(Source records)
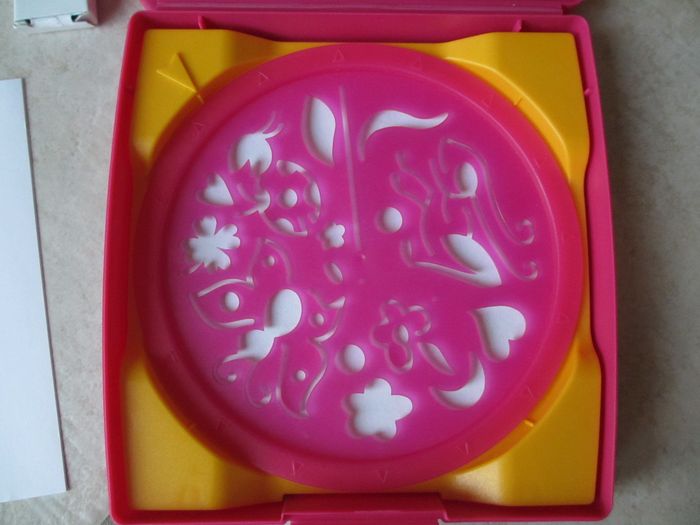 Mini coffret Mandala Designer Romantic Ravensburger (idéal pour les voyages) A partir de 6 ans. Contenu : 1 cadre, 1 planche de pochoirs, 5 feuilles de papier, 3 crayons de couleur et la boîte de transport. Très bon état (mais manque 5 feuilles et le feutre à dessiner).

---

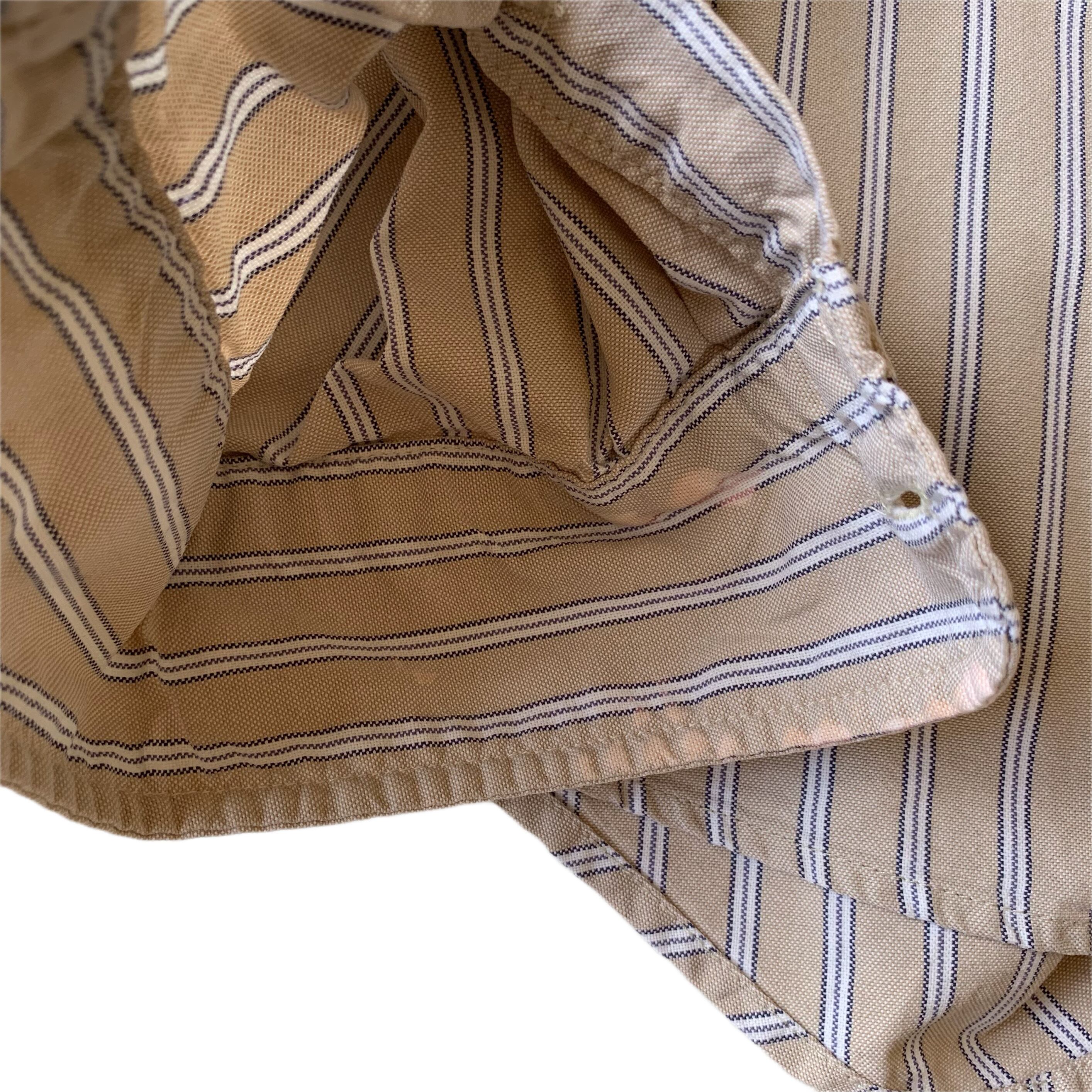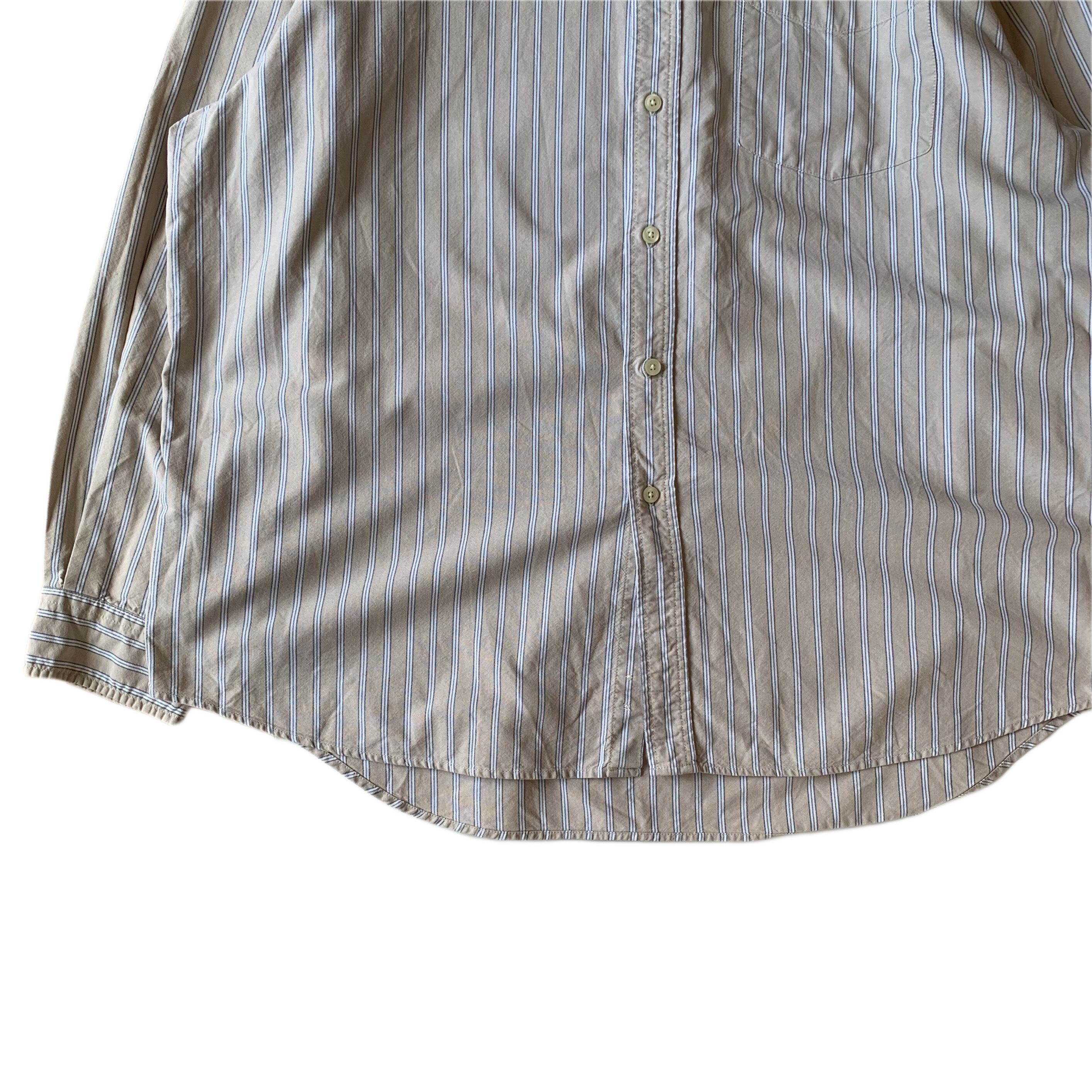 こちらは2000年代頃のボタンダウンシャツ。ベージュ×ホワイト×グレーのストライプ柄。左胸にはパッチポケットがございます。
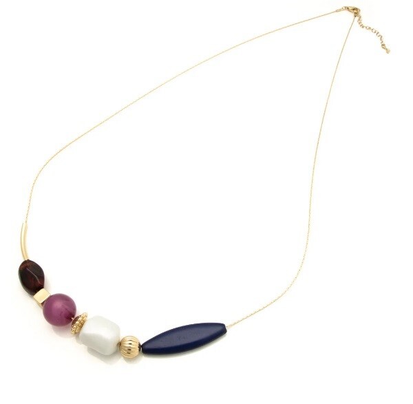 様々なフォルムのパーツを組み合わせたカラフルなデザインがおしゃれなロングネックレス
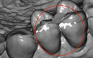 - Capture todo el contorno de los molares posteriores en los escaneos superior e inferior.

(Exercise requirements) Reproduce exactly the lines of the data above that run from the line with "様々なフォルムのパーツを組み" down to the line with "- Capture todo", both ends included. Pictures do not belong in the copy.

(Answer to this exercise)
 様々なフォルムのパーツを組み合わせたカラフルなデザインがおしゃれなロングネックレス
 - Capture todo el contorno de los molares posteriores en los escaneos superior e inferior.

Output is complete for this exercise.